Sorties des ETF : des liquidations continues dans les ETF lors de corrections routinières de 20 % indiqueraient une faiblesse des mains institutionnelles plutôt qu’un engagement à long terme.
Spéculation plutôt que utilité : une hausse des prix accompagnée d’une activité on-chain en déclin ou d’une utilisation décroissante des stablecoins indiquerait une construction de château de sable spéculatif plutôt qu’une croissance de valeur fondée sur des fondamentaux.
Jusqu’à présent, ces signaux d’alarme ne se manifestent pas. L’activité on-chain reste robuste, tandis que les flux de fonds vers les ETF – bien que moins explosifs qu’auparavant – persistent.
Or et Bitcoin : rôles différents dans les portefeuilles de couverture
La hausse des prix de l’or vers des sommets historiques et la stabilité relative du Bitcoin ne reflètent pas une rivalité mais une complémentarité. L’or absorbe le risque macroéconomique immédiat ; le Bitcoin accumule de la valeur sur le long terme à mesure que l’ancrage institutionnel se renforce.
Les investisseurs exposés fortement au Bitcoin bénéficient de la hausse de l’or – qui sert de protection offensive contre la volatilité à court terme. Pour les banques centrales et les grands acteurs institutionnels, l’or reste cependant préféré, notamment parce que les moyens numériques sont encore perçus comme présentant un risque juridique.
Bekhazi insiste sur la valorisation relative : « Le ratio Bitcoin/or est plus important que la comparaison de prix absolue. » Cette perspective déplace l’attention de « quel actif gagne » à « comment ils fonctionnent ensemble dans une allocation diversifiée. »
Données de marché : Hong Kong rejoint la tendance mondiale risk-off
Alors que Hong Kong commence sa journée de trading sous la pression de l’aversion au risque mondiale :
Ce schéma reflète les tensions géopolitiques, les ventes sur le marché des taux et les menaces protectionnistes renouvelées du White House – des déclencheurs classiques de la fuite vers des actifs défensifs comme l’or et les placements stables.
Conclusion : Maturation ou simple pause ?
Le défi pour le Bitcoin en 2026 est clairement défini. Alors que les prix de l’or montent et que les investisseurs traditionnels se replient vers des valeurs sûres, le Bitcoin doit prouver que l’institutionnalisation ne signifie pas stagnation.

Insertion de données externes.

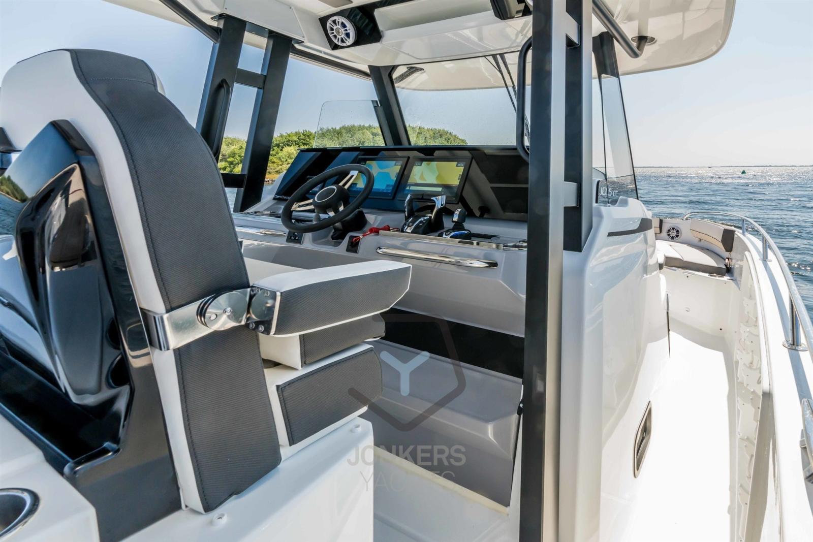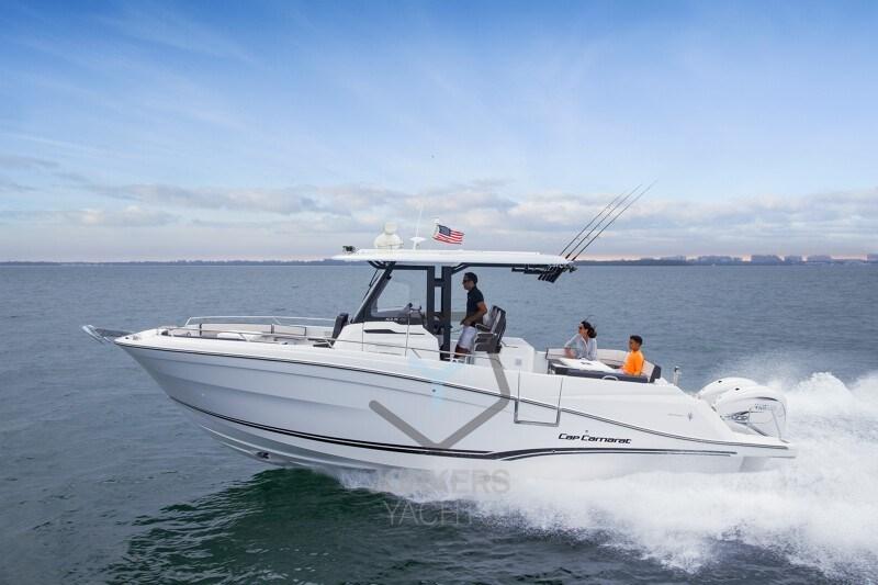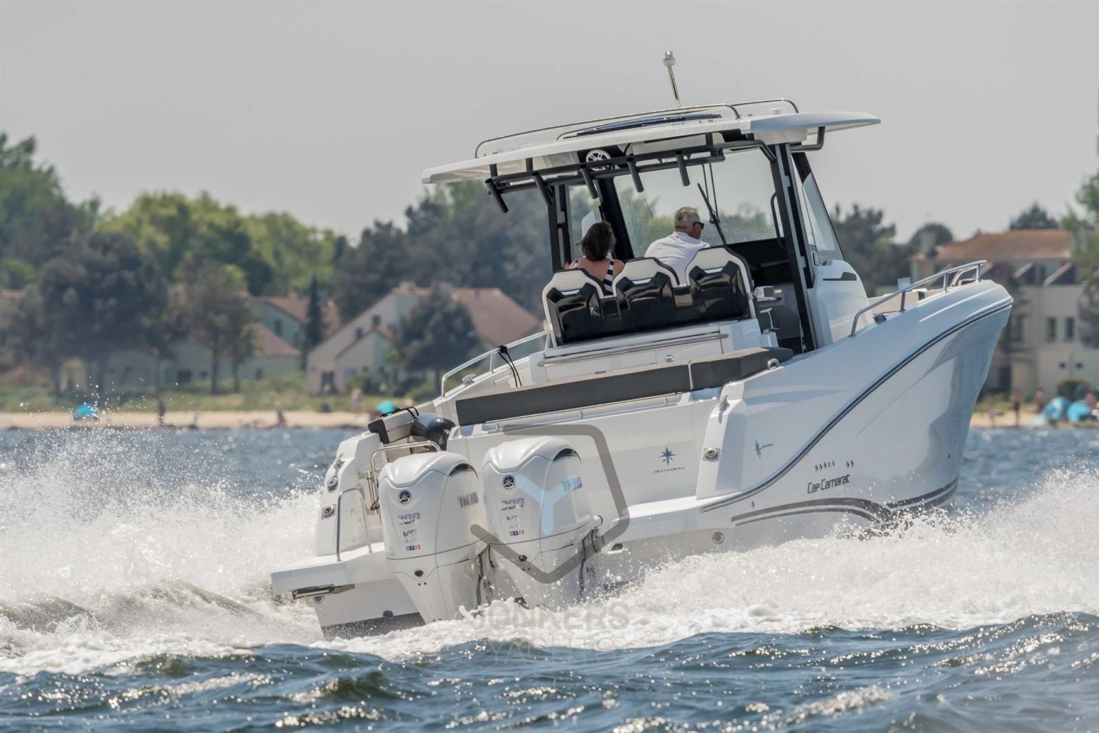 Whether you dream of a day of fishing with all the trimmings, or want to lie quietly at anchor, on the new boat within this series you can experience unforgettable moments with family and friends. The Cap Camarat 10.5 CC features two spacious steering positions and a large side door with integrated swim ladder for easy access to the sea: fun and relaxation guaranteed! With its V-shaped hull, the boat has excellent seaworthiness, and with its powerful twin engine, 2x 300 hp with joystick, and ergonomic steering, you will enjoy long fast cruises, perfectly safe in the comfortable seats.
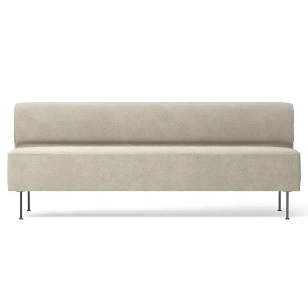 Add an unmistakably refined sense of comfort to gathering spaces with the Eave Dining Sofa from Audo Copenhagen. A simple Scandinavian design made in Lithuania, this combination sofa-bench is strong and soft, using slender legs to elevate a steel frame softened by PU foam over no-sag springs. Each piece of the upper sofa is sheathed in Re-granulated Polypropylene fabric, offering resistance to spills and wear. At the same time, the curving roof-style ‘eave’ of the masterfully modular seat back evokes the iconic architectural feature.

La phase actuelle – volatilité plus faible, flux disciplinés, comportement prudent – peut être à la fois un signe de liberté de marché et de potentiel réduit. Que cette sous-performance indique une maturation ou une mauvaise valorisation dépendra de la façon dont les investisseurs évaluent le Bitcoin à mesure que les conditions macroéconomiques évoluent.
Pour l’instant, les marchés testent si le Bitcoin peut rester calme tout en absorbant la tension macroéconomique – un test qui validera ou relativisera son récit comme or numérique.